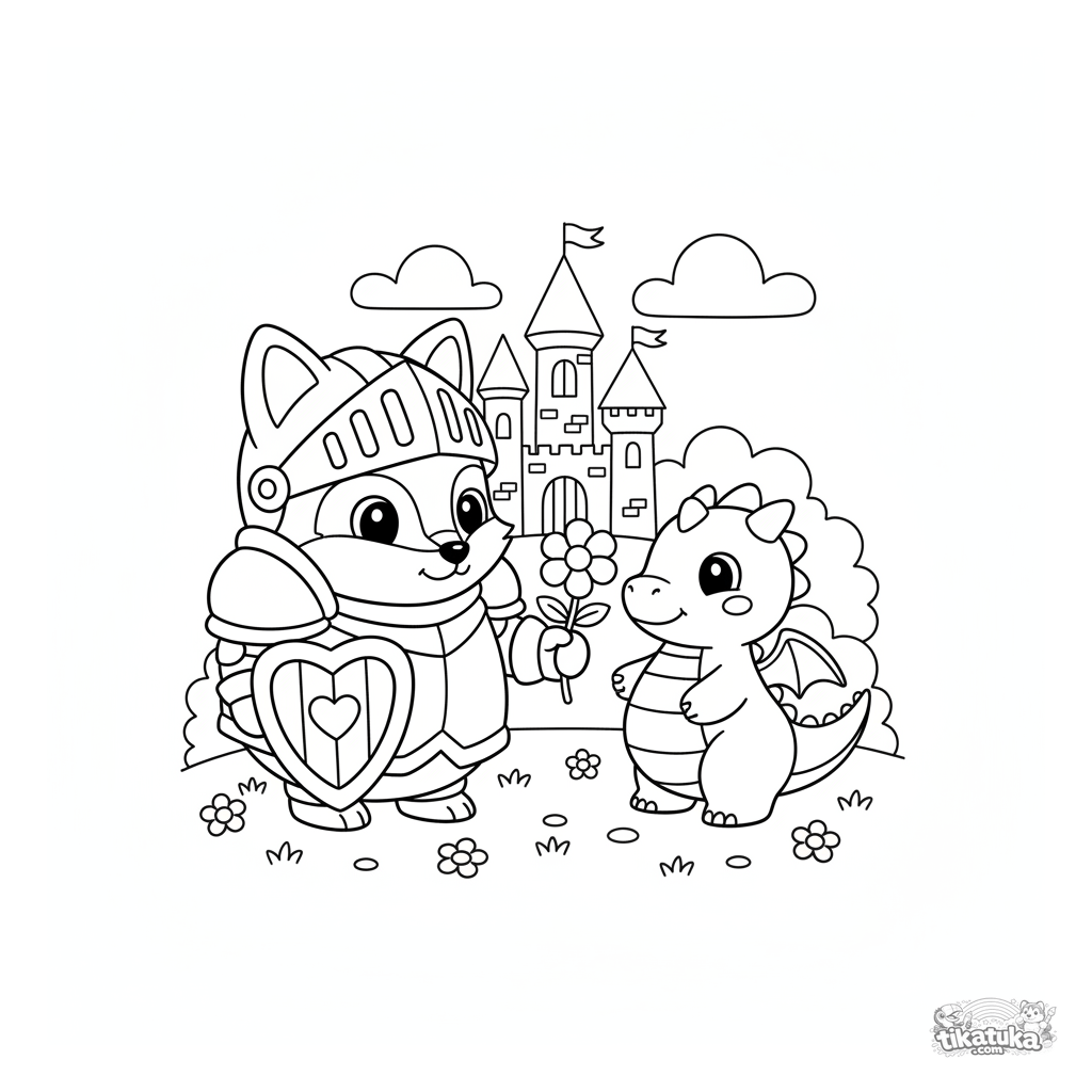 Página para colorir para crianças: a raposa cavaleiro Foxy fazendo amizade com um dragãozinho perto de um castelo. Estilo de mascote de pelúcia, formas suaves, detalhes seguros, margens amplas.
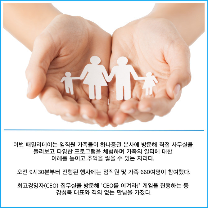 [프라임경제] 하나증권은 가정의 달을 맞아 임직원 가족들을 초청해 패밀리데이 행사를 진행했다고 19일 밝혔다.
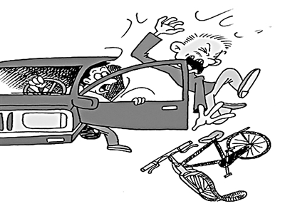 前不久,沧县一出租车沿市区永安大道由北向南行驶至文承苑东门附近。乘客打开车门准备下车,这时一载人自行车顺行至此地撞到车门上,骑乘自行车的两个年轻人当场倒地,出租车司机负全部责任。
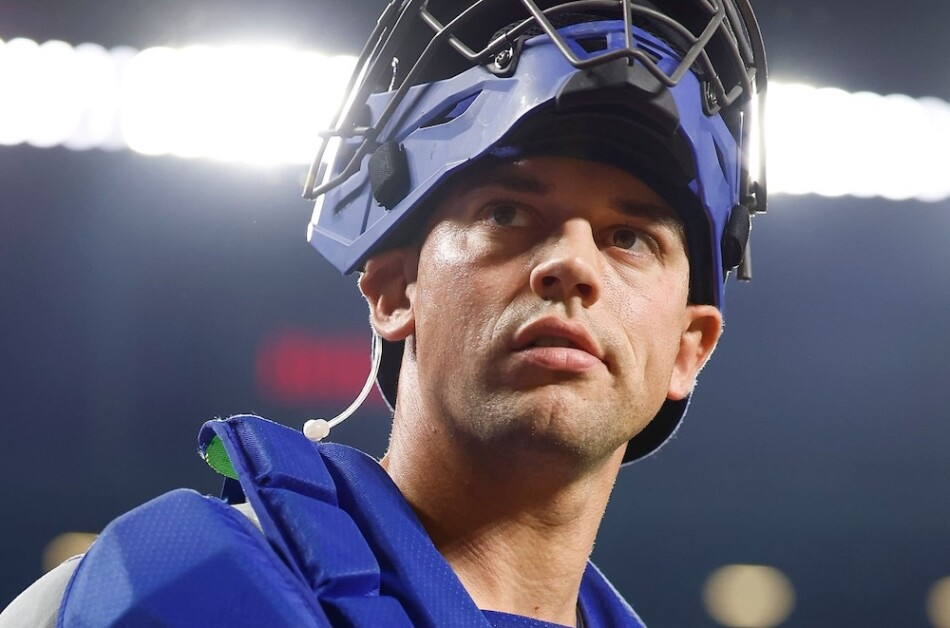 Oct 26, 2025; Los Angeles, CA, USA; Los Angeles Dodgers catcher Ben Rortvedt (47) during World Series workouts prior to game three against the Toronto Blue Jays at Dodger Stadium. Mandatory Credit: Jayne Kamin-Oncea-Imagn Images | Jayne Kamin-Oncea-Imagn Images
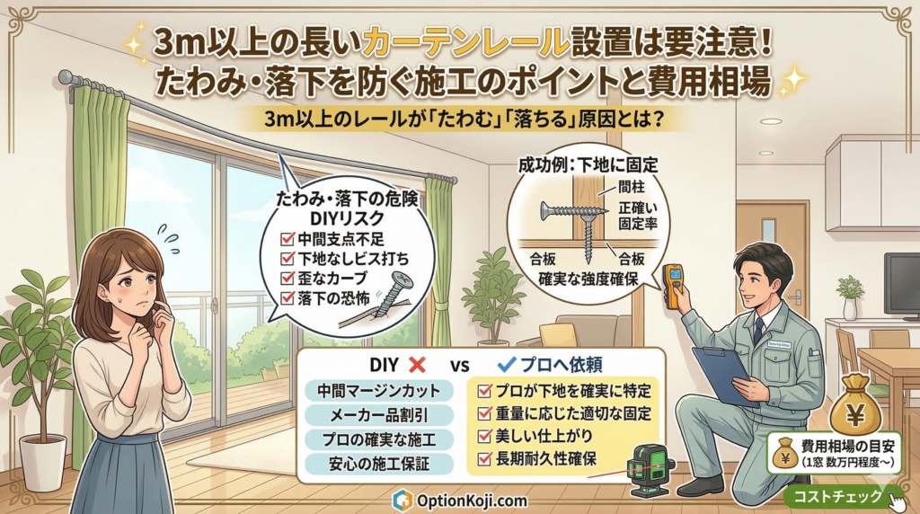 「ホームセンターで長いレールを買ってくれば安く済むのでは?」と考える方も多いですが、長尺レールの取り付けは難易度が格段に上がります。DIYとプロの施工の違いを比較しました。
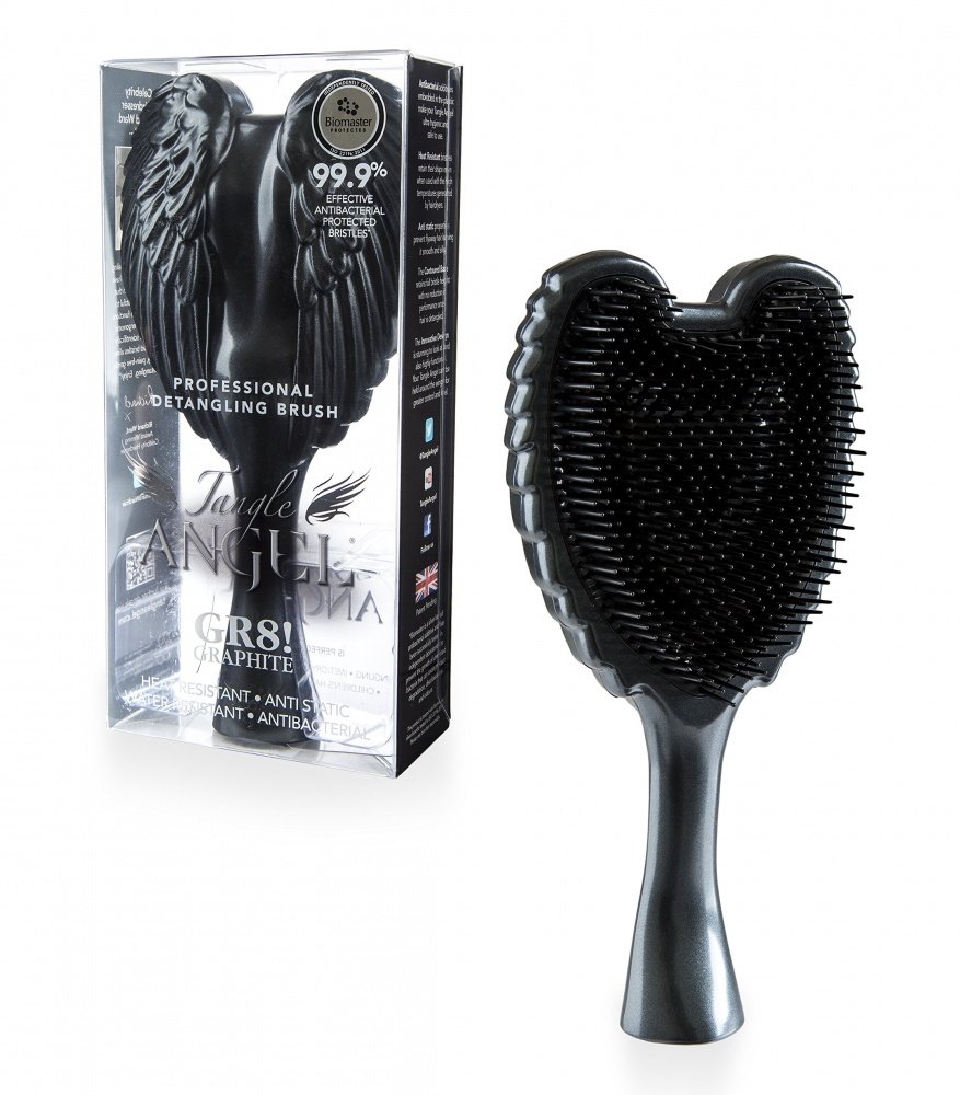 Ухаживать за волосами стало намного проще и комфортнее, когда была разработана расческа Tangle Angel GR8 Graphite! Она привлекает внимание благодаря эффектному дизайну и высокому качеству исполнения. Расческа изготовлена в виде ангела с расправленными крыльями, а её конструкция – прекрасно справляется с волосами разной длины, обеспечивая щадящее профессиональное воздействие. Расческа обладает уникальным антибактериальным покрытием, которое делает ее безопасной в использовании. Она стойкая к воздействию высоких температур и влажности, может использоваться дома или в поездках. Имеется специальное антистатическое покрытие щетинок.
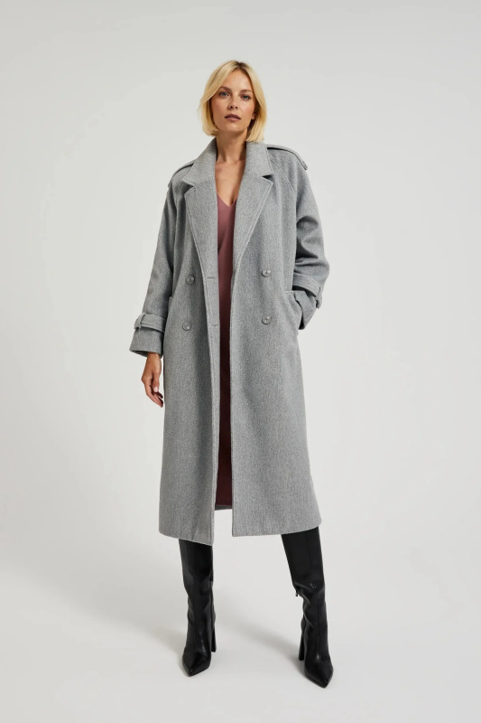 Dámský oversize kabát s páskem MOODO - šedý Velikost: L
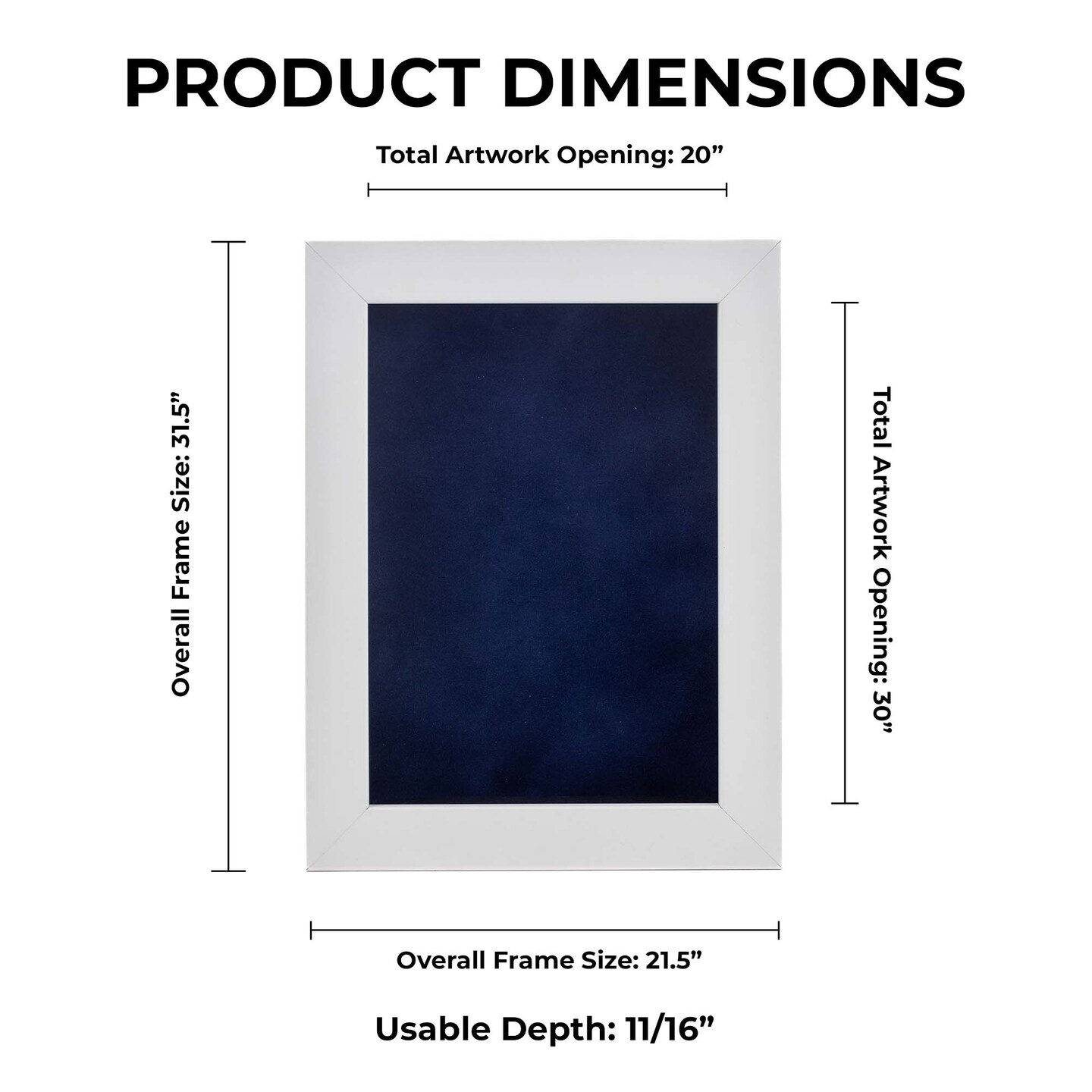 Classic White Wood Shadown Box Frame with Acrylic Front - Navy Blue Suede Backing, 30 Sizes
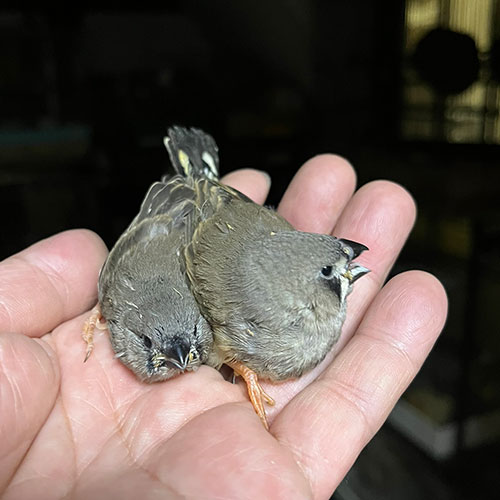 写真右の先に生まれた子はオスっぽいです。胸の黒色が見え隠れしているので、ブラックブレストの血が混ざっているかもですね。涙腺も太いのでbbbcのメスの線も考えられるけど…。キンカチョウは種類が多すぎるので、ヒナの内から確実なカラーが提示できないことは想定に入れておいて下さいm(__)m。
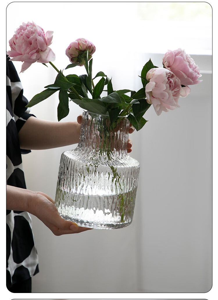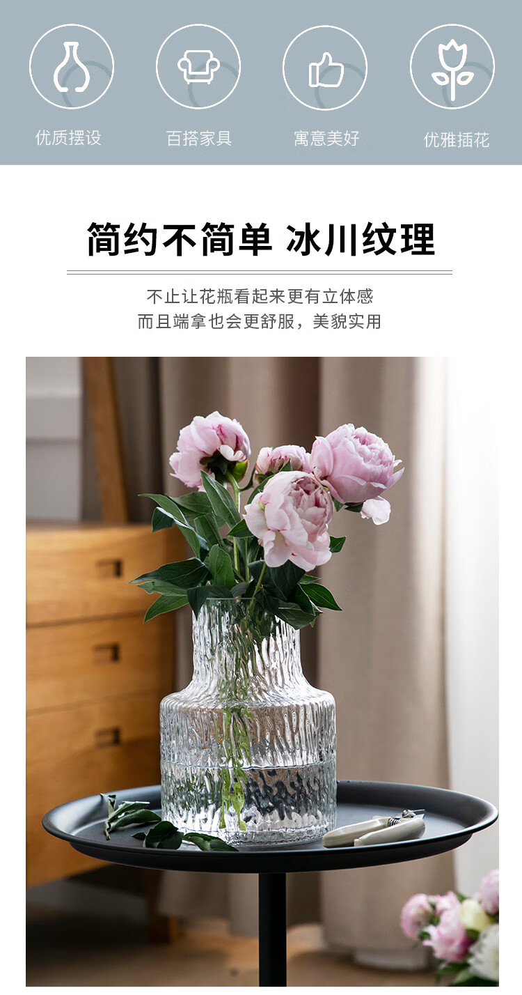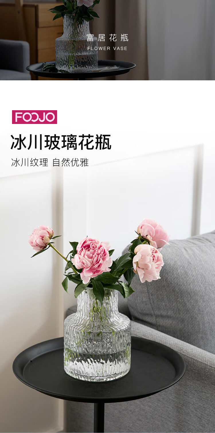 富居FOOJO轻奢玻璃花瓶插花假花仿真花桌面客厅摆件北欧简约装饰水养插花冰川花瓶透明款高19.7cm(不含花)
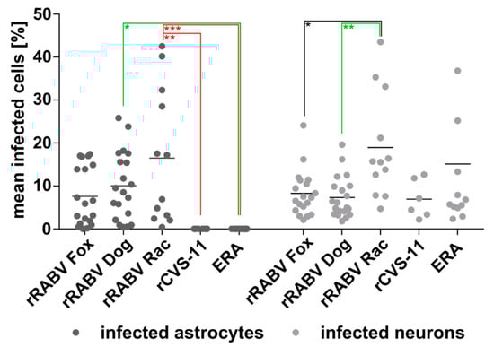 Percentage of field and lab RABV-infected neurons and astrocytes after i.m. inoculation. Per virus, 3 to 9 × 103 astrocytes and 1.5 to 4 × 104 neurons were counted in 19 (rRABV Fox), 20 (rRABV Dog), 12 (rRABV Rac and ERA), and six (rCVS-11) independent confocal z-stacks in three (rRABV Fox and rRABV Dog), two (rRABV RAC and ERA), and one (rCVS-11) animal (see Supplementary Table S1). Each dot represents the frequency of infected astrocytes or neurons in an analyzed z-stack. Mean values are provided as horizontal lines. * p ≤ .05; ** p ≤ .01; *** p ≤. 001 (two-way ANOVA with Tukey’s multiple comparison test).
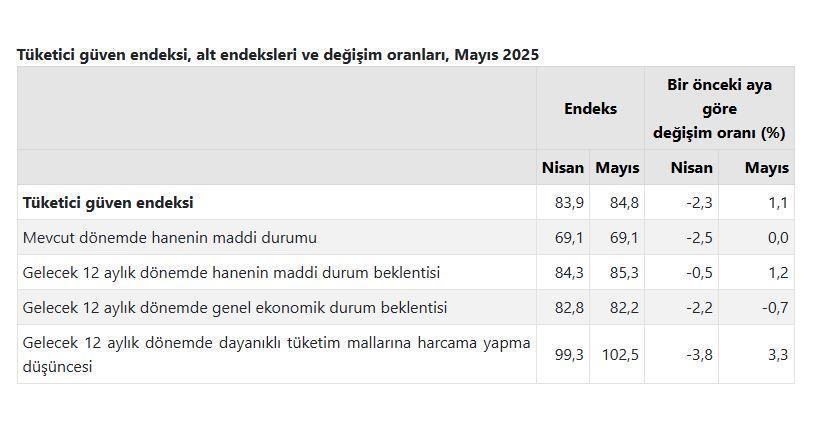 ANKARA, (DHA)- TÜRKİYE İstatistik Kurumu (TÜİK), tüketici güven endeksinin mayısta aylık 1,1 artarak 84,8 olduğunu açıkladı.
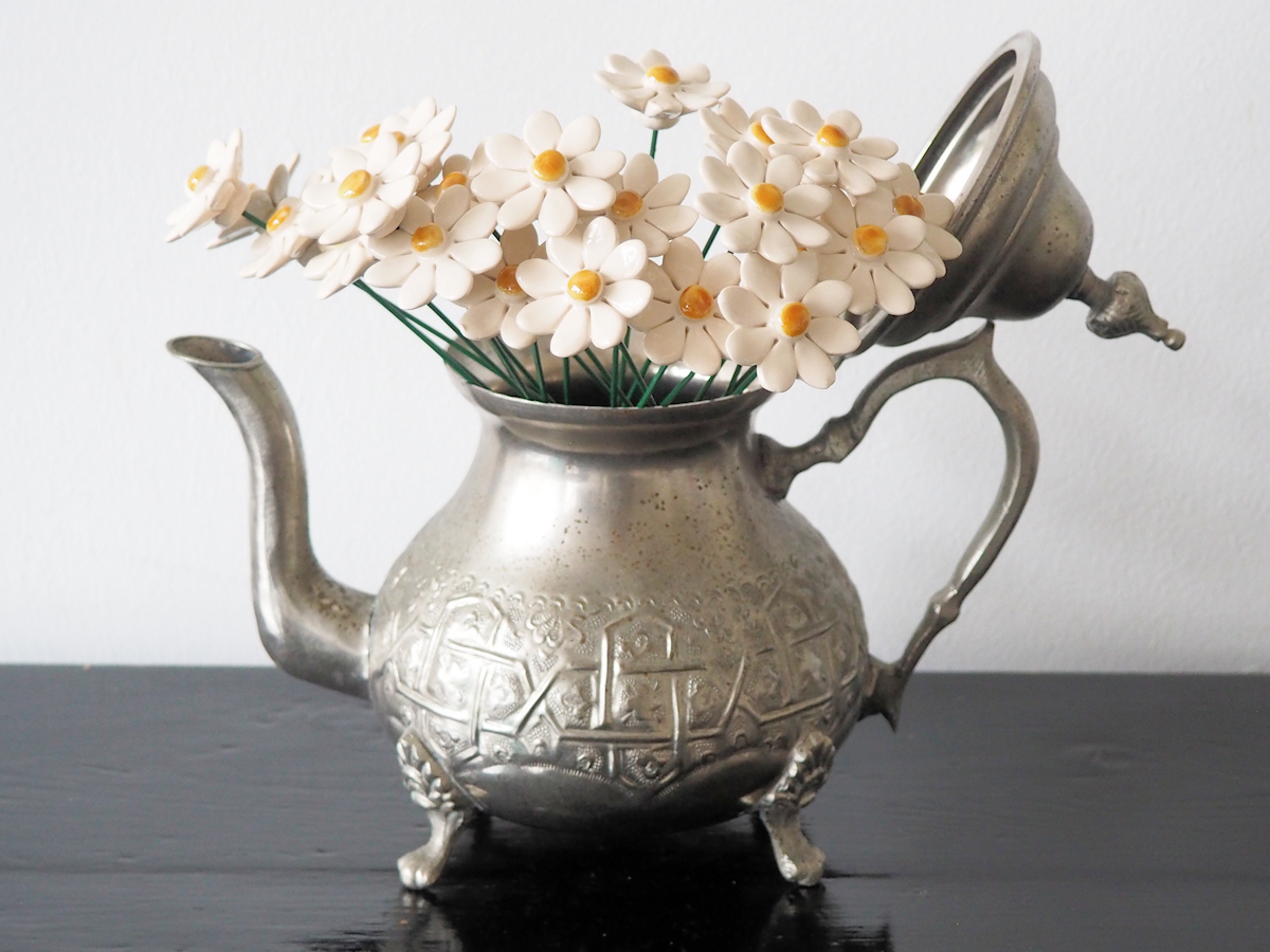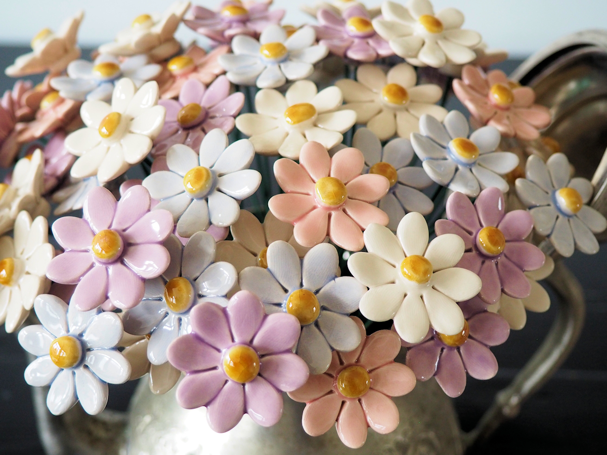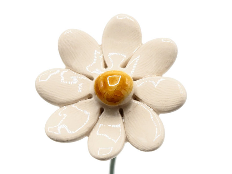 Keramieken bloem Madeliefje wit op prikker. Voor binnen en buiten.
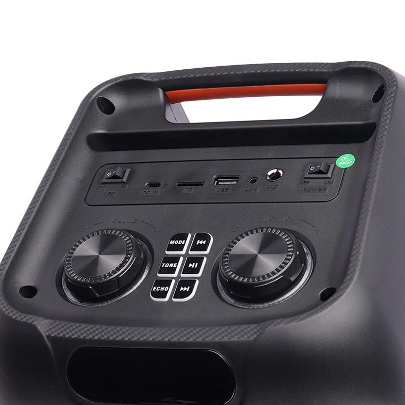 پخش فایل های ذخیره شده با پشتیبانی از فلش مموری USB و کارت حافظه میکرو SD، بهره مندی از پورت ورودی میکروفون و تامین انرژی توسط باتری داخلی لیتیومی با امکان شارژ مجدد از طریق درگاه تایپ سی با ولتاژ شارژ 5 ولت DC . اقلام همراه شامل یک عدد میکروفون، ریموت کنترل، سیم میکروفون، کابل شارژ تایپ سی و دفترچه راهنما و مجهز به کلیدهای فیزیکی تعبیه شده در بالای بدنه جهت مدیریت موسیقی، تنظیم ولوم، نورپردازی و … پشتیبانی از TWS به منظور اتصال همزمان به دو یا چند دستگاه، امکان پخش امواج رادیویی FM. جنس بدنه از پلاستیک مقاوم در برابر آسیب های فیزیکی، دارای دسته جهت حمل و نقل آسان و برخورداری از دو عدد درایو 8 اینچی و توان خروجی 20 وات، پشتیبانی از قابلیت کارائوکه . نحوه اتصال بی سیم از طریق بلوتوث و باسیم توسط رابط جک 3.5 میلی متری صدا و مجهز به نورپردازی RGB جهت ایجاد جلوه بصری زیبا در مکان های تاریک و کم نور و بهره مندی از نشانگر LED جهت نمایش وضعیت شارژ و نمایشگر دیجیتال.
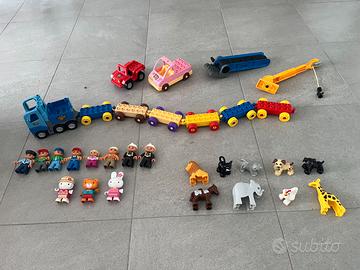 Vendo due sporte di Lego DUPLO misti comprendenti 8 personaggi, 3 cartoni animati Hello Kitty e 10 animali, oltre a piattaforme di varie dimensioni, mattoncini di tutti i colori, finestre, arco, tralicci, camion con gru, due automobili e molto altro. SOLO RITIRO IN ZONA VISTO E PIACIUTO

YOUR TASK: Starting with the line that contains "Dámský oversize kabát" and finishing with the line that contains "富居FOOJO轻奢玻璃花瓶插", reproduce every line of the material above exactly, but not the pictures.

TASK RESULT:
 Dámský oversize kabát s páskem MOODO - šedý Velikost: L
 Classic White Wood Shadown Box Frame with Acrylic Front - Navy Blue Suede Backing, 30 Sizes
 写真右の先に生まれた子はオスっぽいです。胸の黒色が見え隠れしているので、ブラックブレストの血が混ざっているかもですね。涙腺も太いのでbbbcのメスの線も考えられるけど…。キンカチョウは種類が多すぎるので、ヒナの内から確実なカラーが提示できないことは想定に入れておいて下さいm(__)m。
 富居FOOJO轻奢玻璃花瓶插花假花仿真花桌面客厅摆件北欧简约装饰水养插花冰川花瓶透明款高19.7cm(不含花)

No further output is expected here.